▸ What the task requires
Each line of the listing must be transcribed exactly, except for the images, which should be excluded.

▸ Data for this exercise
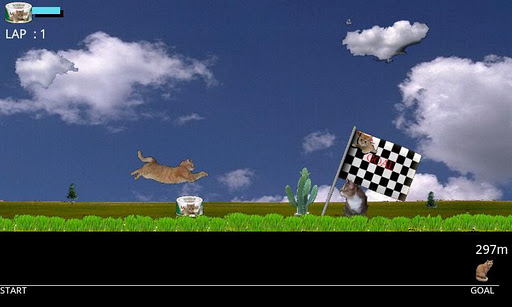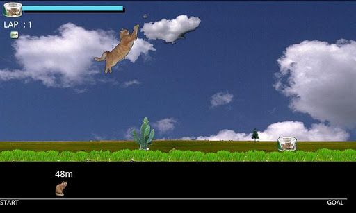 Cat runner CHIPThe cat advances and running advances singlemindedly jumping.Jump touch Height is adjusted at the pushed time.Two step jump Touch in the upper part while jumping.It recovers with the canned cat food.Red jumping up panelblue durable obstacles up panelGreen speed up paneScreen size 800x480
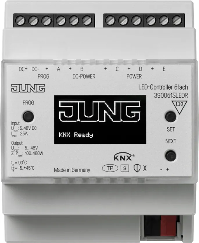 Der JUNG 39005 1S LED R Dimmaktor KNX ist die smarte Lösung für moderne Lichtsteuerung in Wohn- und Gewerbeobjekten. Als leistungsstarker KNX LED-Controller mit fünf individuell konfigurierbaren Ausgängen ermöglicht er präzises Dimmen und Schalten von LEDs, LED-Modulen, Spots sowie Halogen- und Glühlampen im Spannungsbereich von 5 bis 48 V/DC. So realisieren Sie flexible Lichtszenarien – energieeffizient, komfortabel und sicher.
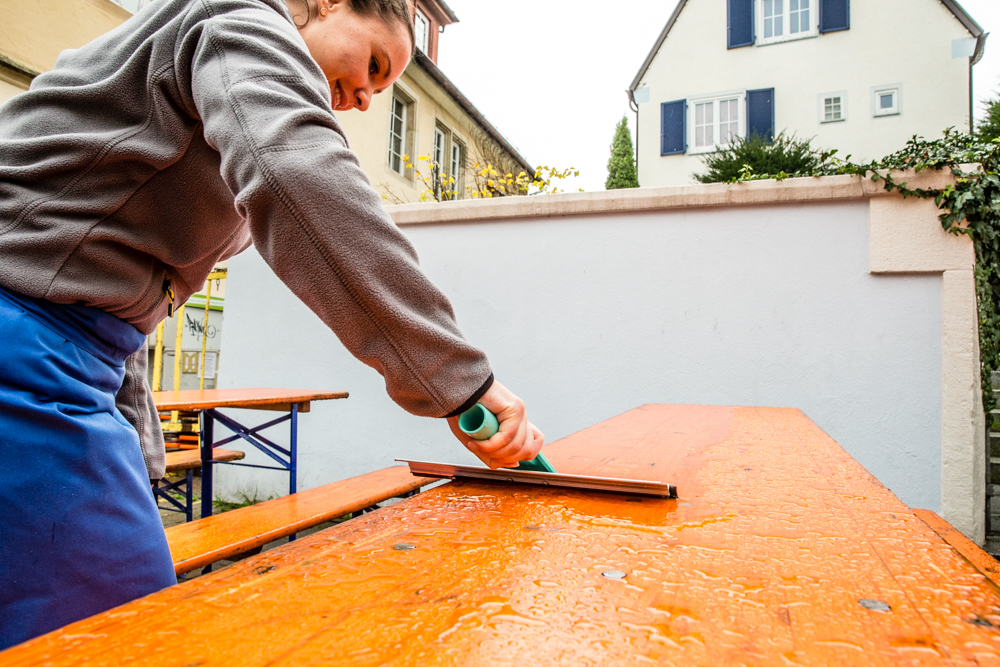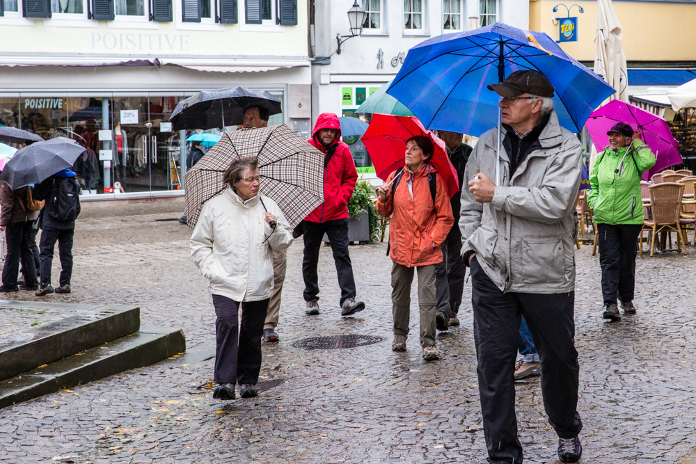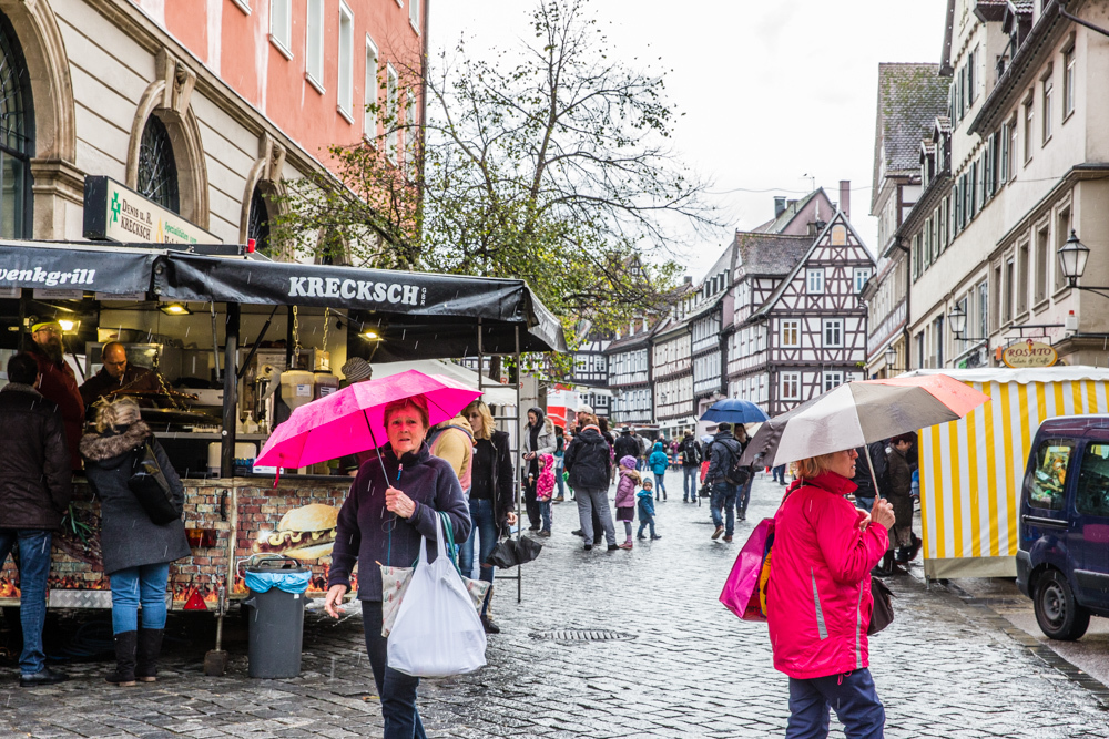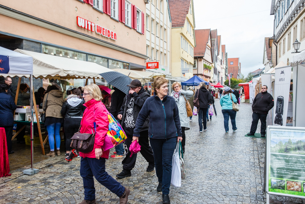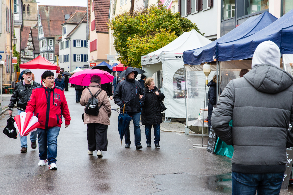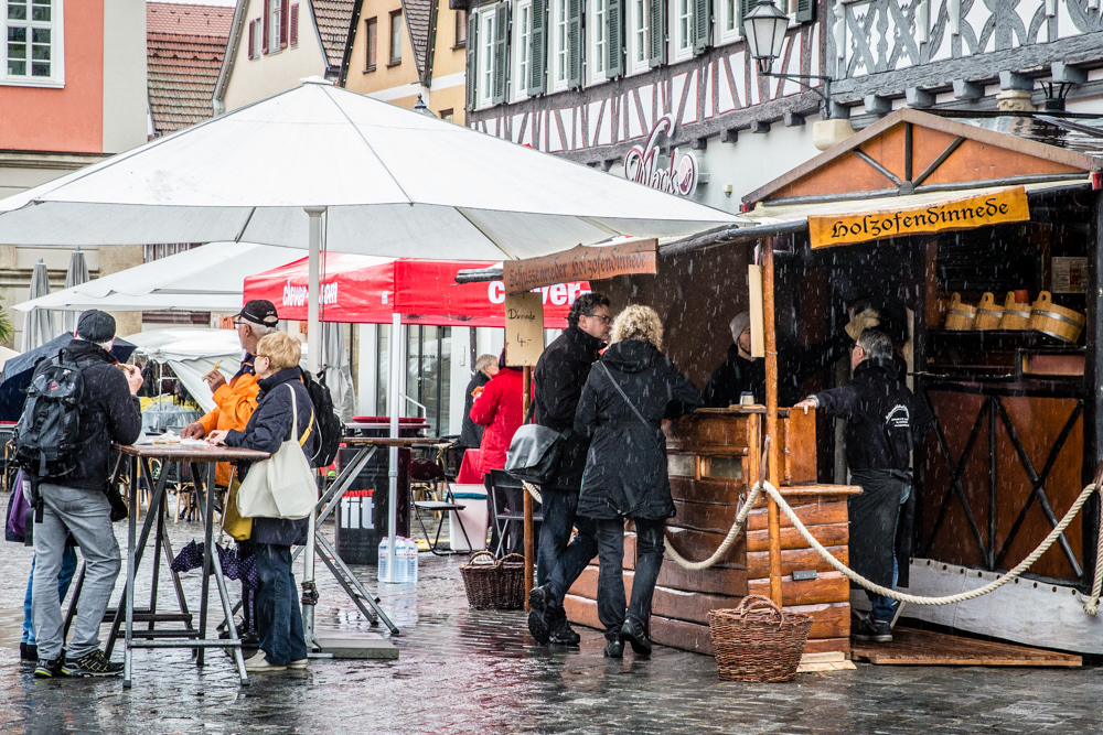Und sie wurden belohnt: Mag der Stadtmarkt dieses Mal auch erst spät in Schwung gekommen sein – mit ein paar Tausend Besucher weniger als in den Vorjahren – die Veranstalter sind zufrieden: „Wir sind“, sagt Fink, „mit einem dicken blauen Auge davongekommen“. Ein guter Tag für Schorndorf also – und daran hat das bewährte Konzept sicher seinen Anteil: Mit einem eingespielten Team organisiert Schorndorf-Centro den Stadtmarkt schon seit vielen Jahren. Bei der Standauswahl wird auf Vielfalt geachtet – und auf Vorauskasse: „Sonst hätte man bei so einem Wetter wie heute zwei Stände“, ist sich Fink sicher.
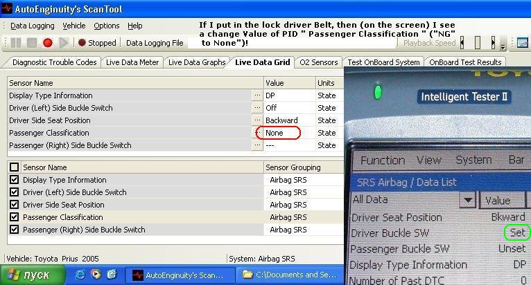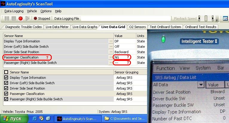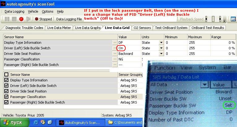 I've again checked AE* on Prius a '05 and try did Diagnostic SRS. Note. I use Documentation 2005 PRIUS REPAIR MANUAL (RM1130U) and AEs "scantooluserguide". I not used others "devices" in this episode. For the checking (for Authenticity of results) I used separate another scanner (IT2 by Denso) and had a good and correct Results. I've performed such functions as reading the values of switches and sensors: AE report: "Display Type Information is DP" (The display is indicated by Driver/Passenger). 1. In "Live Data Grid" I see ("Sensor Name" / "Value"):Passenger (Right) Side Buckle Switch / "..." (I don't understand "Value="...") Here take a look at the differences in PIDs between the AE (the Lying) and IT2 (real and correct Data). Notice a difference
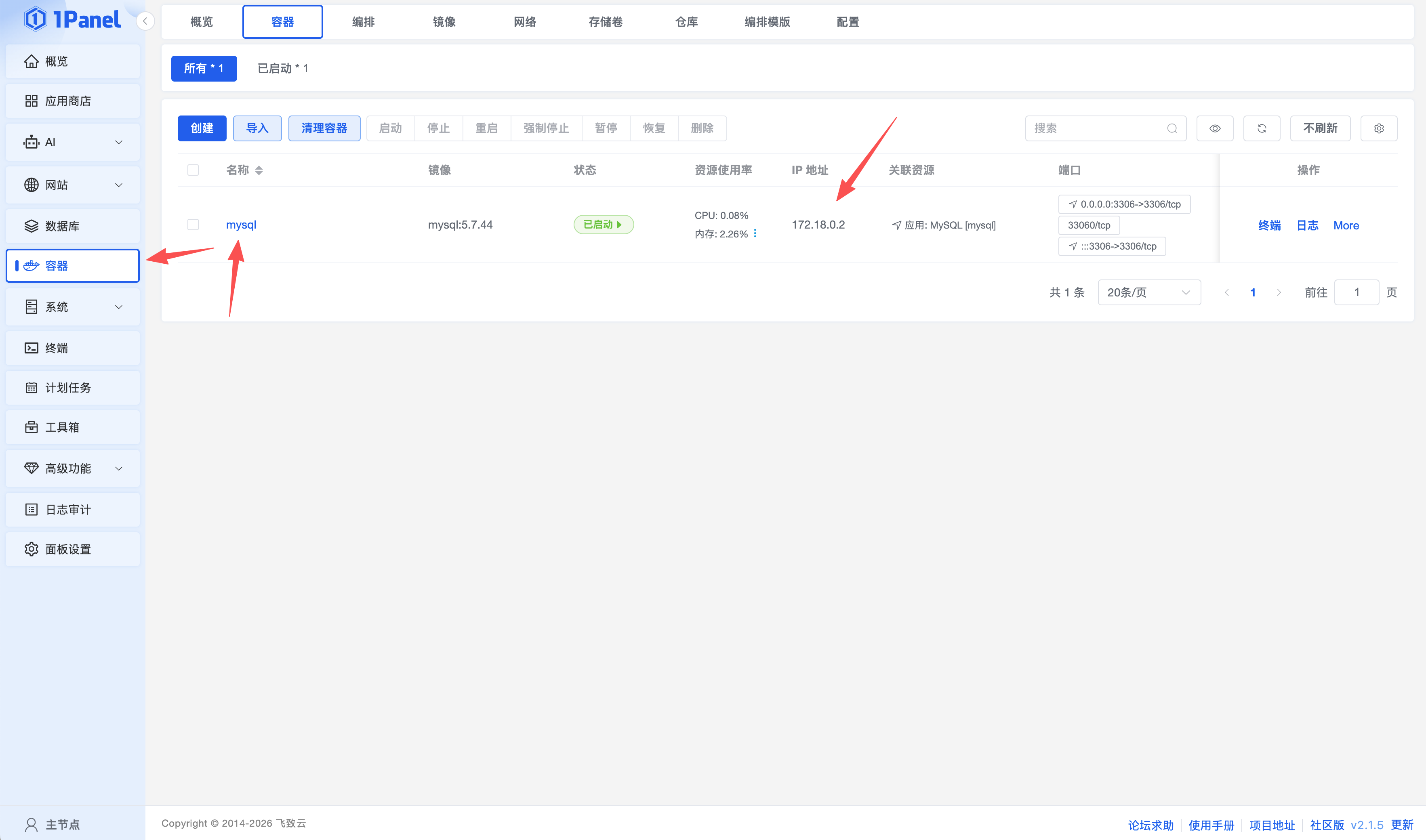 安装完成可在容器菜单看到安装的mysql信息
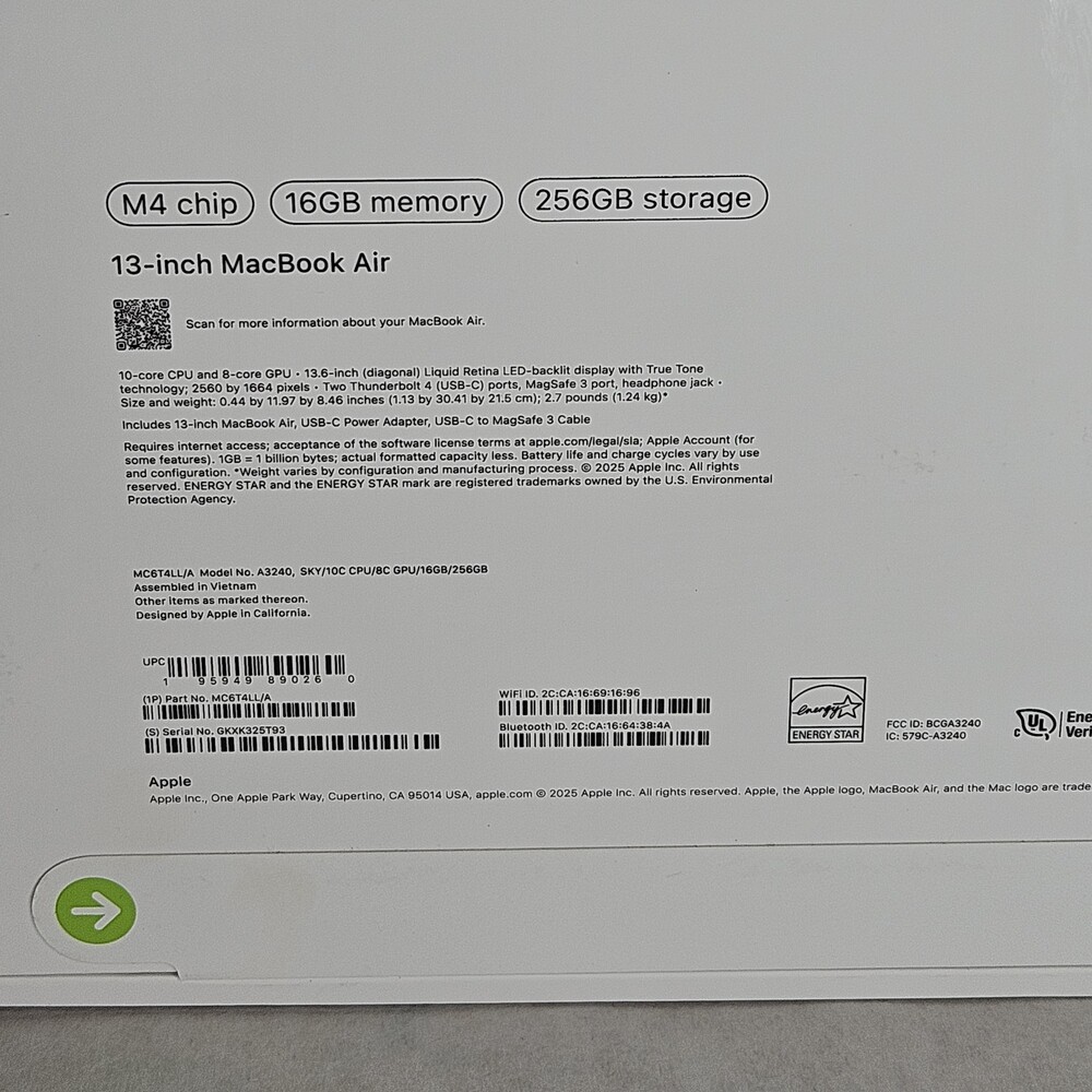 Apple A3240 MC6T4LL/A Macbook Air 13" M4 16GB 256 SSD New in Box
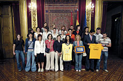 martes, 20 de junio de 2006La consejera de Bienestar Social, Deporte y Juventud, María Isabel García Malo, ha ofrecido esta mañana en el Salón del Trono del Palacio de Navarra, una recepción oficial a las jugadoras y cuadro técnico del equipo femenino de fútbol “Lagunak” de Barañáin, recientemente proclamadas subcampeonas de la Copa de Su Majestad la Reina.
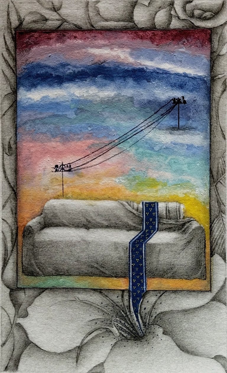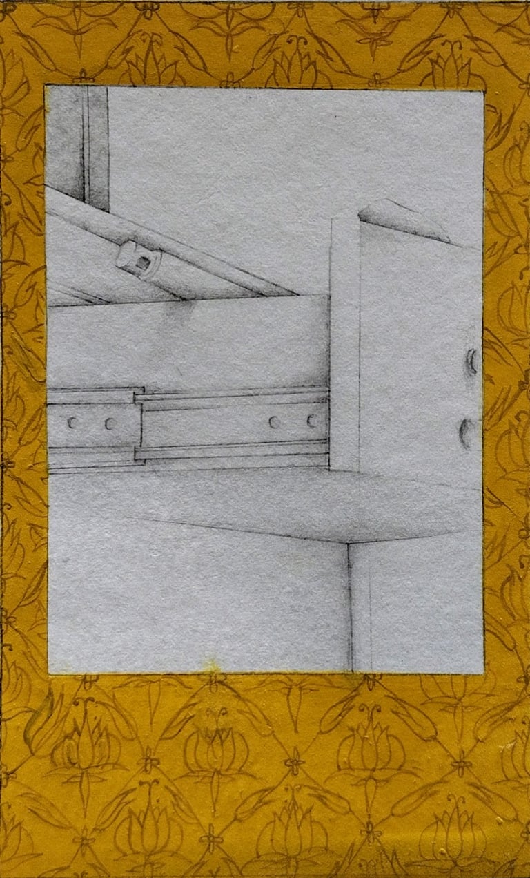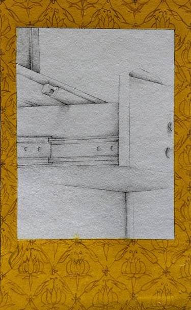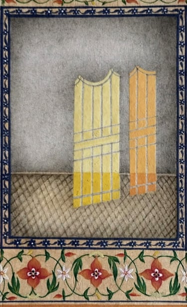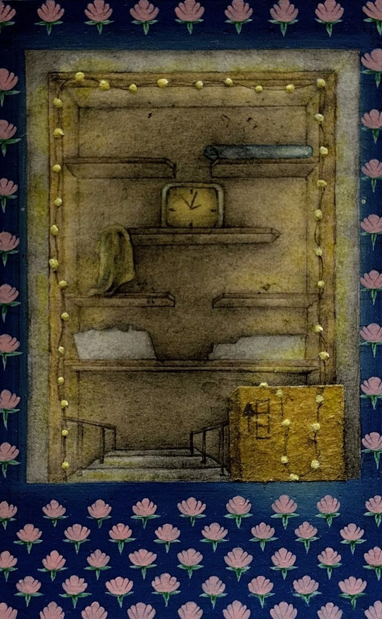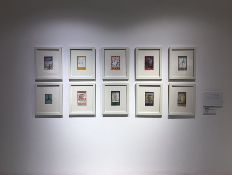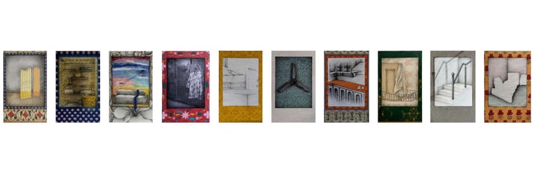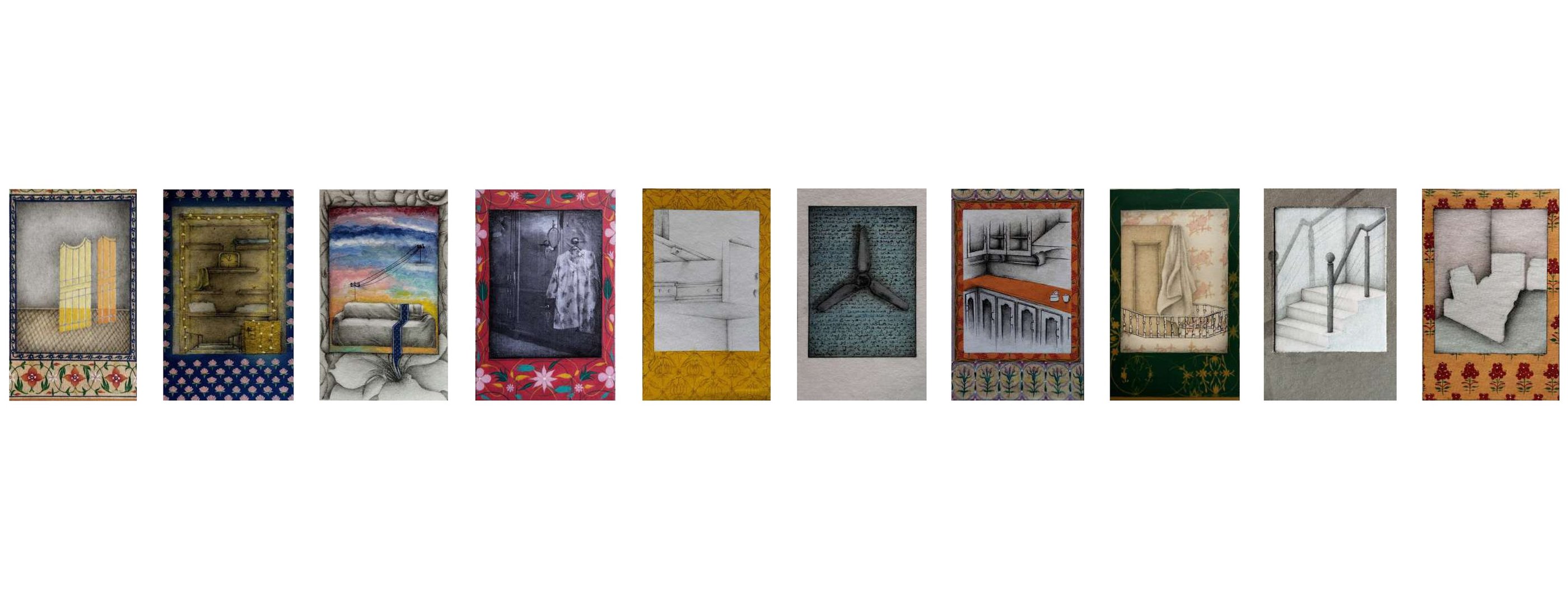 Gallery | 2021 | gouache, watercolour, ink, collage, graphite, photo transfer and tea stain on wasli | 3.4 x 2.1 inches, each

▸ Exercise solution
 Cat runner CHIPThe cat advances and running advances singlemindedly jumping.Jump touch Height is adjusted at the pushed time.Two step jump Touch in the upper part while jumping.It recovers with the canned cat food.Red jumping up panelblue durable obstacles up panelGreen speed up paneScreen size 800x480
 Der JUNG 39005 1S LED R Dimmaktor KNX ist die smarte Lösung für moderne Lichtsteuerung in Wohn- und Gewerbeobjekten. Als leistungsstarker KNX LED-Controller mit fünf individuell konfigurierbaren Ausgängen ermöglicht er präzises Dimmen und Schalten von LEDs, LED-Modulen, Spots sowie Halogen- und Glühlampen im Spannungsbereich von 5 bis 48 V/DC. So realisieren Sie flexible Lichtszenarien – energieeffizient, komfortabel und sicher.
Und sie wurden belohnt: Mag der Stadtmarkt dieses Mal auch erst spät in Schwung gekommen sein – mit ein paar Tausend Besucher weniger als in den Vorjahren – die Veranstalter sind zufrieden: „Wir sind“, sagt Fink, „mit einem dicken blauen Auge davongekommen“. Ein guter Tag für Schorndorf also – und daran hat das bewährte Konzept sicher seinen Anteil: Mit einem eingespielten Team organisiert Schorndorf-Centro den Stadtmarkt schon seit vielen Jahren. Bei der Standauswahl wird auf Vielfalt geachtet – und auf Vorauskasse: „Sonst hätte man bei so einem Wetter wie heute zwei Stände“, ist sich Fink sicher.
 I've again checked AE* on Prius a '05 and try did Diagnostic SRS. Note. I use Documentation 2005 PRIUS REPAIR MANUAL (RM1130U) and AEs "scantooluserguide". I not used others "devices" in this episode. For the checking (for Authenticity of results) I used separate another scanner (IT2 by Denso) and had a good and correct Results. I've performed such functions as reading the values of switches and sensors: AE report: "Display Type Information is DP" (The display is indicated by Driver/Passenger). 1. In "Live Data Grid" I see ("Sensor Name" / "Value"):Passenger (Right) Side Buckle Switch / "..." (I don't understand "Value="...") Here take a look at the differences in PIDs between the AE (the Lying) and IT2 (real and correct Data). Notice a difference
 安装完成可在容器菜单看到安装的mysql信息
 Apple A3240 MC6T4LL/A Macbook Air 13" M4 16GB 256 SSD New in Box
 martes, 20 de junio de 2006La consejera de Bienestar Social, Deporte y Juventud, María Isabel García Malo, ha ofrecido esta mañana en el Salón del Trono del Palacio de Navarra, una recepción oficial a las jugadoras y cuadro técnico del equipo femenino de fútbol “Lagunak” de Barañáin, recientemente proclamadas subcampeonas de la Copa de Su Majestad la Reina.
 Gallery | 2021 | gouache, watercolour, ink, collage, graphite, photo transfer and tea stain on wasli | 3.4 x 2.1 inches, each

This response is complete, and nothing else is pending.